» Work item
Exact retyping of the data: please keep every word and drop each picture.

======== Recorded information

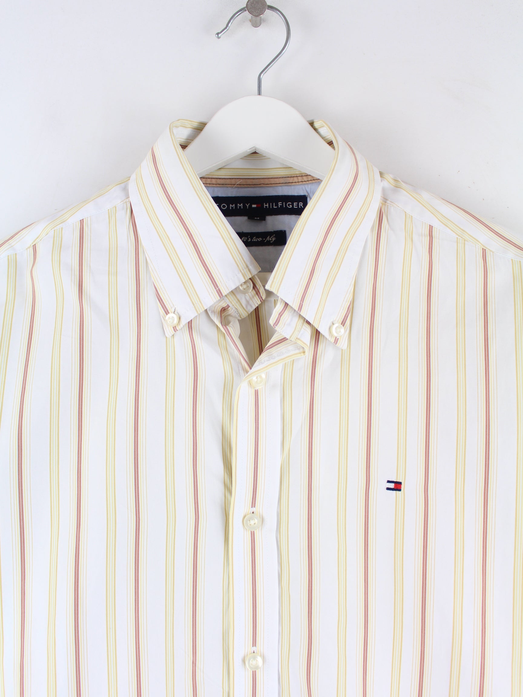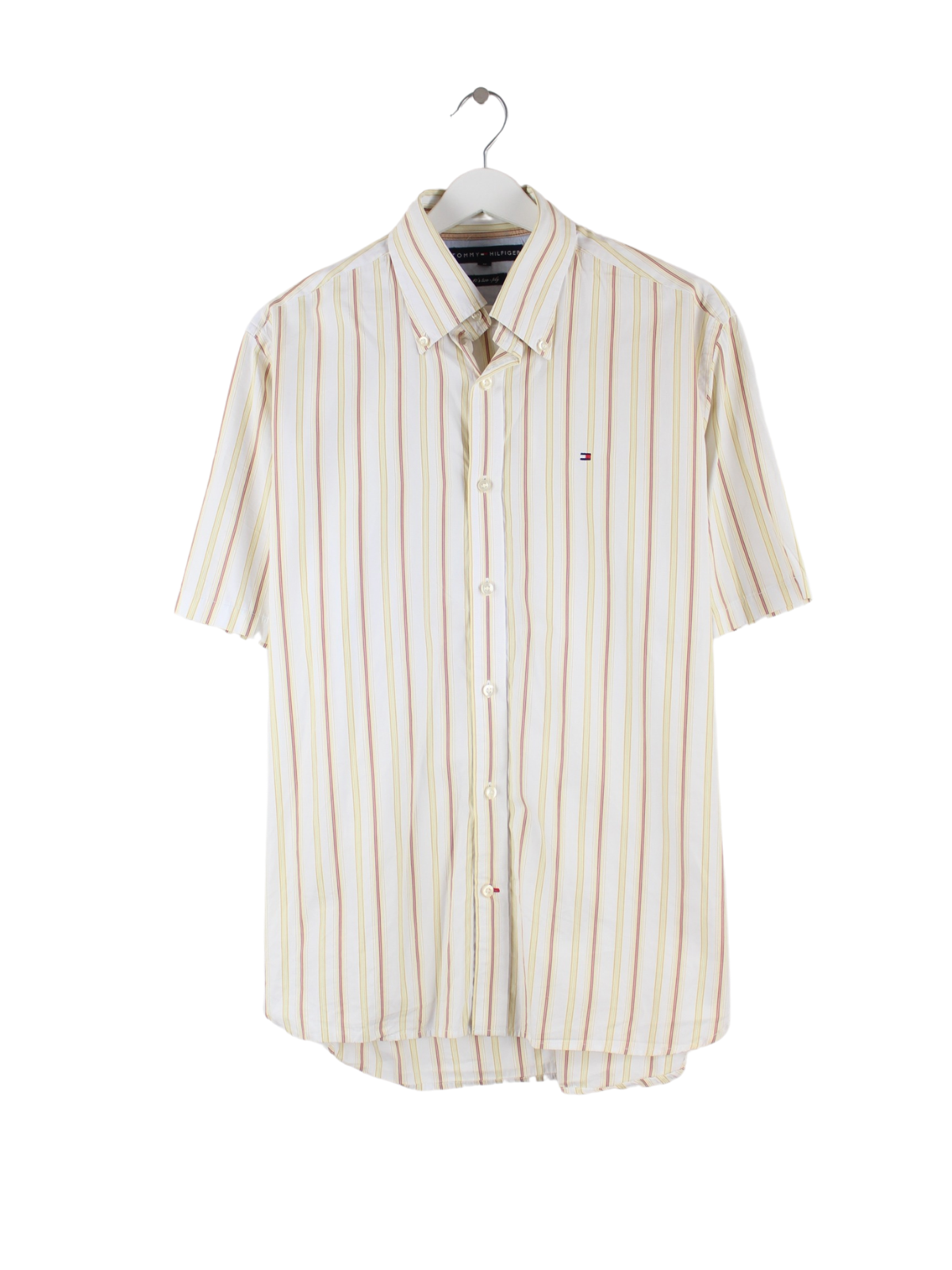 Tommy Hilfiger 00s Striped Short Sleeve Shirt Beige M
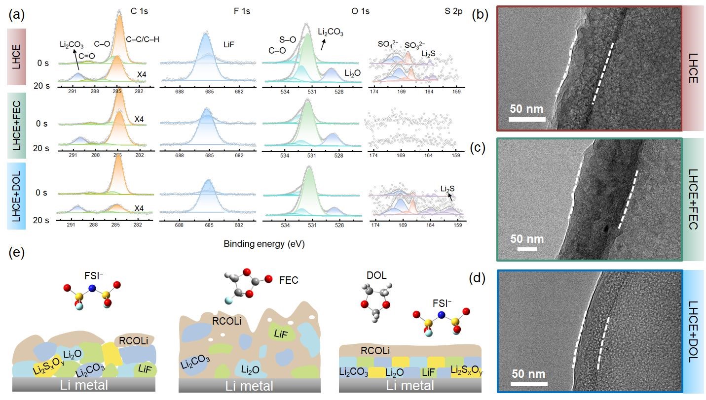 不同的SEI化学/结构特性直接影响锂沉积/脱除行为和SEI的动态重构过程,进而产生不同dead Li0和SEI Li+增长速率。系统性的研究表明,1,3-二氧环烷(DOL)介导了均匀有序层状SEI的产生,有助于提高锂金属沉积的均匀性以及SEI的循环稳定性,同时降低SEI Li+和dead Li0的增长速率。
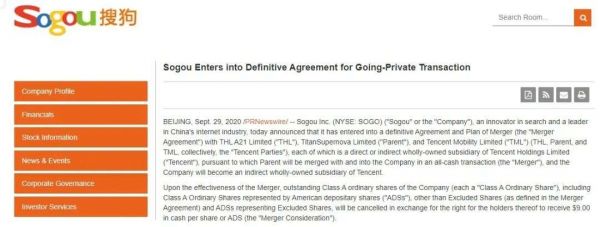 据外媒报道,搜狗股票将以每股或每ADS(美国存托股)9美元被注销,比搜狗在9月29日的收市价8.87美元稍高。预计交易将在2020年第四季度完成,交易完成后,搜狗将从纽交所退市。

================

» The completed task
 Tommy Hilfiger 00s Striped Short Sleeve Shirt Beige M
 不同的SEI化学/结构特性直接影响锂沉积/脱除行为和SEI的动态重构过程,进而产生不同dead Li0和SEI Li+增长速率。系统性的研究表明,1,3-二氧环烷(DOL)介导了均匀有序层状SEI的产生,有助于提高锂金属沉积的均匀性以及SEI的循环稳定性,同时降低SEI Li+和dead Li0的增长速率。
 据外媒报道,搜狗股票将以每股或每ADS(美国存托股)9美元被注销,比搜狗在9月29日的收市价8.87美元稍高。预计交易将在2020年第四季度完成,交易完成后,搜狗将从纽交所退市。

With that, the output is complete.